What are The Most Commonly Targeted Ports?


Understanding the most commonly targeted ports enables you to better protect these threat vectors. Once you know where to look, you can reconfigure the ports to mitigate data breach risks and better secure data.
The 2019 Data Breach Investigations Report, in its appendix, notes some of the most valuable ports that malicious actors use in targeted attacks:
·         cLDAP (389)
·         DNS (53)
·         NTP (123)
·         SSH (22)
·         Telnet (23)
·         HTTP (8080)
·         NetBIOS (445)
·         Dell Open Management
As with all research, the Data Breach Investigations Report provides limited information.
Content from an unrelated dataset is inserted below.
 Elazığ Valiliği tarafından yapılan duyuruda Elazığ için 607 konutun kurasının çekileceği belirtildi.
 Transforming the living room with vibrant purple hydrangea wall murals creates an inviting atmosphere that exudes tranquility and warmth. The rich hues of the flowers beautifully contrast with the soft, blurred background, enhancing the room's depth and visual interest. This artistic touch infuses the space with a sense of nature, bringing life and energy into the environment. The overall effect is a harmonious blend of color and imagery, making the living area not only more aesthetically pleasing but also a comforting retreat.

While these ports may have been the most commonly targeted at the time of the research, malicious actors continuously evolve their threat methodologies, meaning that they target other ports as well.
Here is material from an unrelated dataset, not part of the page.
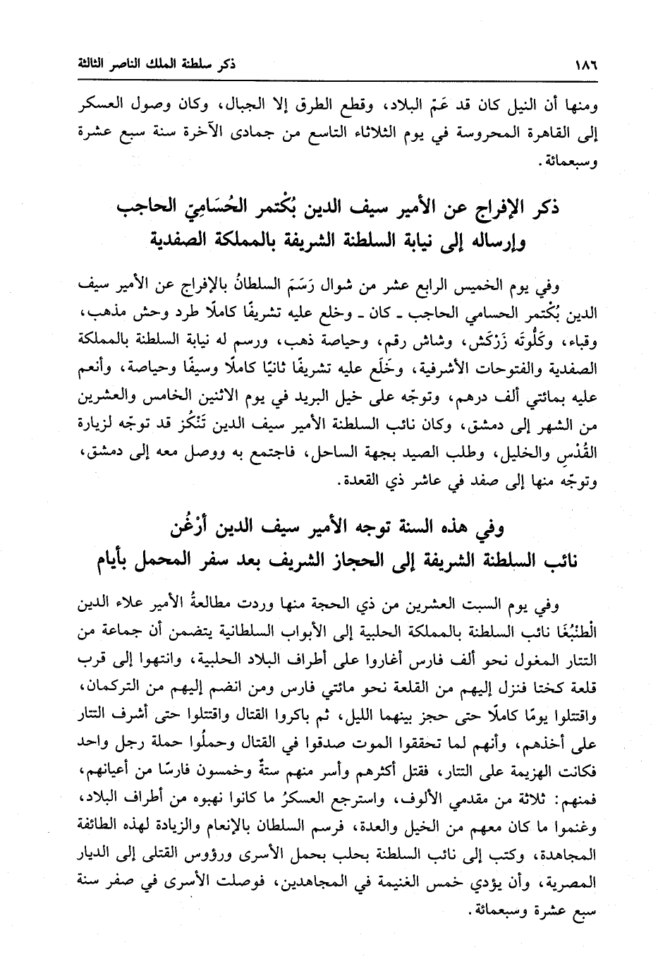 وغنموا ما كان معهم من الخيل والعدة ، فرسم السلطان بالإنعام والزيادة لهذه الطائفة

Continuous cybersecurity monitoring for defense in depth

Continuously monitoring your cybersecurity controls with artificial intelligence/machine learning enables you to gain real-time visibility into new risks. Defense in depth is a cybersecurity controls model that incorporates multiple defensive practices layered over each other so that if one protective control fails, it has others to back it up. Unfortunately, without cybersecurity monitoring, you may struggle to implement a defense in depth strategy.
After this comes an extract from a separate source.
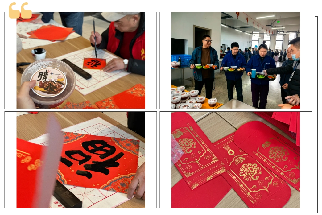 活動現場,公司特別邀請了社區的書法愛好者揮毫潑墨,書寫寓意吉祥的福字。員工們也拿起毛筆,在紅紙上認真寫下自己對新年的美好祝愿,一筆一劃間,傳遞著對新年的期盼和對家人的思念。最有趣的莫過于拓印紅包。公司準備了特制的紅包模板和金色印泥,員工們親手拓印出獨一無二的紅包,既體驗了傳統手工藝的樂趣,更為新年的贈禮增添了一份獨特的心意和創意。

Suggestions for creating a defense in depth strategy for ports


As part of your defense in depth strategy that protects against attackers targeting ports, you should be continuously monitoring for:
  • ·         Unused open ports
  • ·         Host-based firewalls
  • ·         Network-based firewalls
  • ·         Port traffic filtering
  • ·         Strong passwords
  • ·         Access controls
  • ·         Penetration testing


While all of these suggestions seem simple, your interconnected IT infrastructure complicates them. For example, adding more devices increases the number of ports which in turn means you need to continuously scan for unused ports. Firewalls control the way information flows across your network, but they also lead to application visibility and control issues.